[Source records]
——

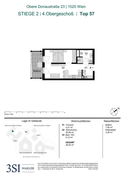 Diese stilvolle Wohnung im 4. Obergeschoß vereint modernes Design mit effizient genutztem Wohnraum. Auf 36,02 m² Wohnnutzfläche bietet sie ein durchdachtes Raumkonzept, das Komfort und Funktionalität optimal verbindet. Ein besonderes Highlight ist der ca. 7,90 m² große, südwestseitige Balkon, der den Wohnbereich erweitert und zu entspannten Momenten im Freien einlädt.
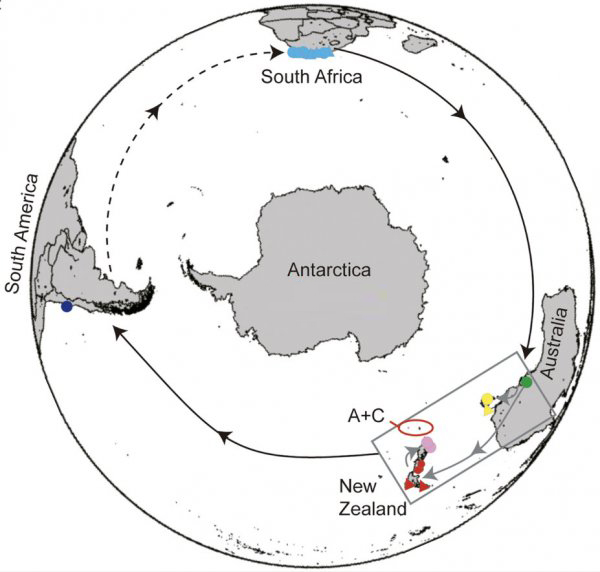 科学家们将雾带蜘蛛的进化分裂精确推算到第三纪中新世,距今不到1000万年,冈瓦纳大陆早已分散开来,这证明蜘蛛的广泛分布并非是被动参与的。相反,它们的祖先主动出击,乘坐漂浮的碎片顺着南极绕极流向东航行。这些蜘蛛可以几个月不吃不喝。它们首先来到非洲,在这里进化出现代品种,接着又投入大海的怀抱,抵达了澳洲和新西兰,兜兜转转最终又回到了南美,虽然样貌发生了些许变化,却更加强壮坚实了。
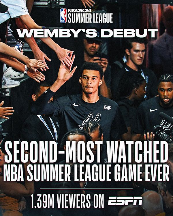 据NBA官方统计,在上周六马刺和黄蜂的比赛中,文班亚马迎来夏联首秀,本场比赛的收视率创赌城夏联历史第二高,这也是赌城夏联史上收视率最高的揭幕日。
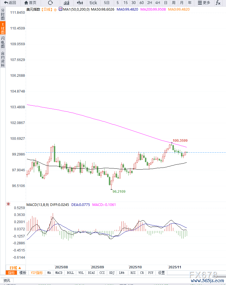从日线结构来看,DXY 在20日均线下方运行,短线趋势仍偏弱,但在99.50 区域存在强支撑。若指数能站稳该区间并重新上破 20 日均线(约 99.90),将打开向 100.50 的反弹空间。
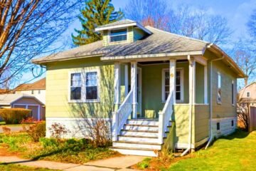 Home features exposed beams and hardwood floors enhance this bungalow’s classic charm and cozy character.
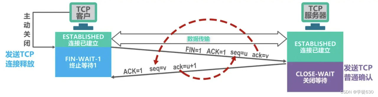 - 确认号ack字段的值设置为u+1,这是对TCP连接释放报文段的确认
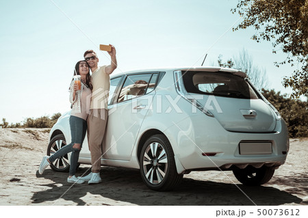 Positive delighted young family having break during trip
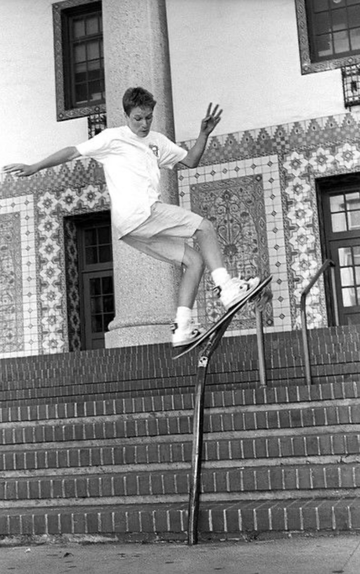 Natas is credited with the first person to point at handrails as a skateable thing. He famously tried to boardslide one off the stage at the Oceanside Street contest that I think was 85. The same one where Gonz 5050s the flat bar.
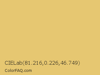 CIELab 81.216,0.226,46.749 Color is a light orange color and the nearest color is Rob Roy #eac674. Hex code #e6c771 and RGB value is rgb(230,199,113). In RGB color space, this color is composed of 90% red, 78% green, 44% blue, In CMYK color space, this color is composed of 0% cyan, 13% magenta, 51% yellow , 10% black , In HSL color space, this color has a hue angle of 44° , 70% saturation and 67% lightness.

——

■ **WHAT YOU HAVE TO DO**
Only the pictures are to be left out, and all of the data must otherwise be transcribed exactly.

■ **SOLUTION**
 Diese stilvolle Wohnung im 4. Obergeschoß vereint modernes Design mit effizient genutztem Wohnraum. Auf 36,02 m² Wohnnutzfläche bietet sie ein durchdachtes Raumkonzept, das Komfort und Funktionalität optimal verbindet. Ein besonderes Highlight ist der ca. 7,90 m² große, südwestseitige Balkon, der den Wohnbereich erweitert und zu entspannten Momenten im Freien einlädt.
 科学家们将雾带蜘蛛的进化分裂精确推算到第三纪中新世,距今不到1000万年,冈瓦纳大陆早已分散开来,这证明蜘蛛的广泛分布并非是被动参与的。相反,它们的祖先主动出击,乘坐漂浮的碎片顺着南极绕极流向东航行。这些蜘蛛可以几个月不吃不喝。它们首先来到非洲,在这里进化出现代品种,接着又投入大海的怀抱,抵达了澳洲和新西兰,兜兜转转最终又回到了南美,虽然样貌发生了些许变化,却更加强壮坚实了。
 据NBA官方统计,在上周六马刺和黄蜂的比赛中,文班亚马迎来夏联首秀,本场比赛的收视率创赌城夏联历史第二高,这也是赌城夏联史上收视率最高的揭幕日。
从日线结构来看,DXY 在20日均线下方运行,短线趋势仍偏弱,但在99.50 区域存在强支撑。若指数能站稳该区间并重新上破 20 日均线(约 99.90),将打开向 100.50 的反弹空间。
 Home features exposed beams and hardwood floors enhance this bungalow’s classic charm and cozy character.
 - 确认号ack字段的值设置为u+1,这是对TCP连接释放报文段的确认
 Positive delighted young family having break during trip
 Natas is credited with the first person to point at handrails as a skateable thing. He famously tried to boardslide one off the stage at the Oceanside Street contest that I think was 85. The same one where Gonz 5050s the flat bar.
 CIELab 81.216,0.226,46.749 Color is a light orange color and the nearest color is Rob Roy #eac674. Hex code #e6c771 and RGB value is rgb(230,199,113). In RGB color space, this color is composed of 90% red, 78% green, 44% blue, In CMYK color space, this color is composed of 0% cyan, 13% magenta, 51% yellow , 10% black , In HSL color space, this color has a hue angle of 44° , 70% saturation and 67% lightness.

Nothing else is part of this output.